US Ambassador to Lebanon
- In office 1957–1961
- President: Dwight D. Eisenhower
- Preceded by: Donald R. Heath
- Succeeded by: Armin H. Meyer

35th United States Ambassador to Argentina
- In office February 6, 1962 – May 10, 1964
- President: John F. Kennedy Lyndon B. Johnson
- Preceded by: Roy R. Rubottom, Jr.
- Succeeded by: Edwin M. Martin

US Ambassador to Venezuela
- In office July 7, 1970 – March 14, 1975
- President: Richard Nixon Gerald Ford
- Preceded by: Maurice M. Bernbaum
- Succeeded by: Harry W. Shlaudeman

Personal details
- Born: August 30, 1909 Seattle, Washington, U.S.
- Died: November 1, 1976 (aged 67) Beaune, France
- Education: Stanford University

= Robert M. McClintock =

American diplomat

Robert M. McClintock (August 30, 1909 – November 1, 1976) was an American diplomat.

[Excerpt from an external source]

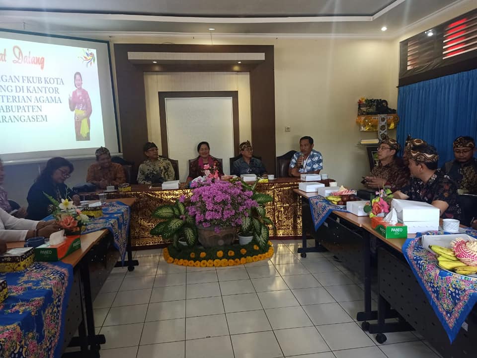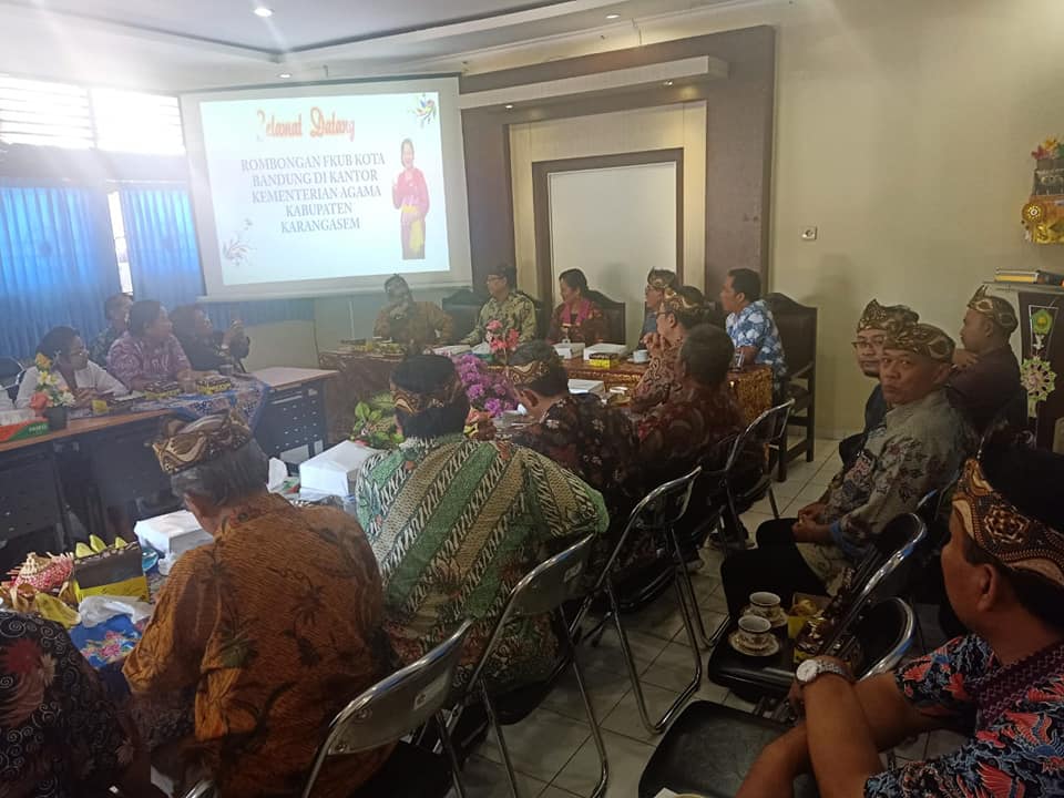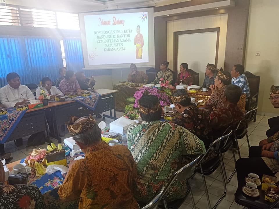 Melaporkan kegiatan penerimaan kunjungan kerja dari FKUB Kota Bandung ke FKUB Kabupaten Karangasem diterima oleh Kepala Badan Kesbangpol Kab Karangasem yang pada kesempatan ini diwakili oleh Kepala Bidang Ketahanan Bangsa a.n I Ketut Juni Arsa Wijaya,SSTP MAP. Didampingi oleh Ketua Kemenag kab Karangasem dan Ketua FKUB Kab.Karangasem. Rombongan FKUB Kota Bandung ketua Ahmad Suherman. Kabid Kewaspadaan Nasional Bandung Haji Iwan. Kemenag Kota Bandung Dr H Yusuf Umar. Kabag Kesra Dr H.Bambang Sukardi,M.Si dan beserta rombongan berjumlah 21 orang.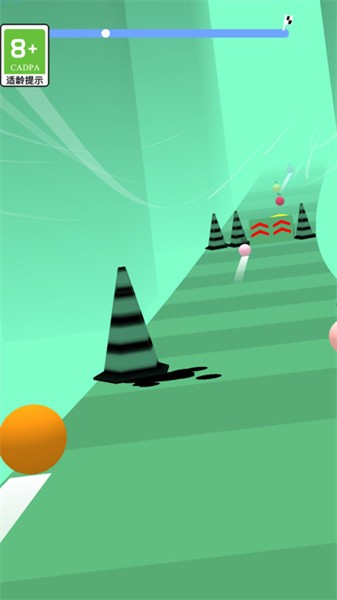 3、游戏玩法操作简单,只需左右滑动屏幕的方式操控小球,一次次破纪录;

A career Foreign Service officer, he served as the U.S. ambassador to Cambodia (1954–1956), Lebanon (1957–1961), Argentina (1962–1964), and Venezuela (1970–1975).

McClintock was born in Seattle, Washington, on August 30, 1909. He joined the Foreign Service in 1931 after graduating from Stanford University. Other positions include advisor to the president of the Naval War College (1964 to 1966) and deputy director Special State-Defense Study Group beginning in 1968.

McClintock died of injuries sustained in a car crash in Beaune, France, on November 1, 1976. He was 67 years old.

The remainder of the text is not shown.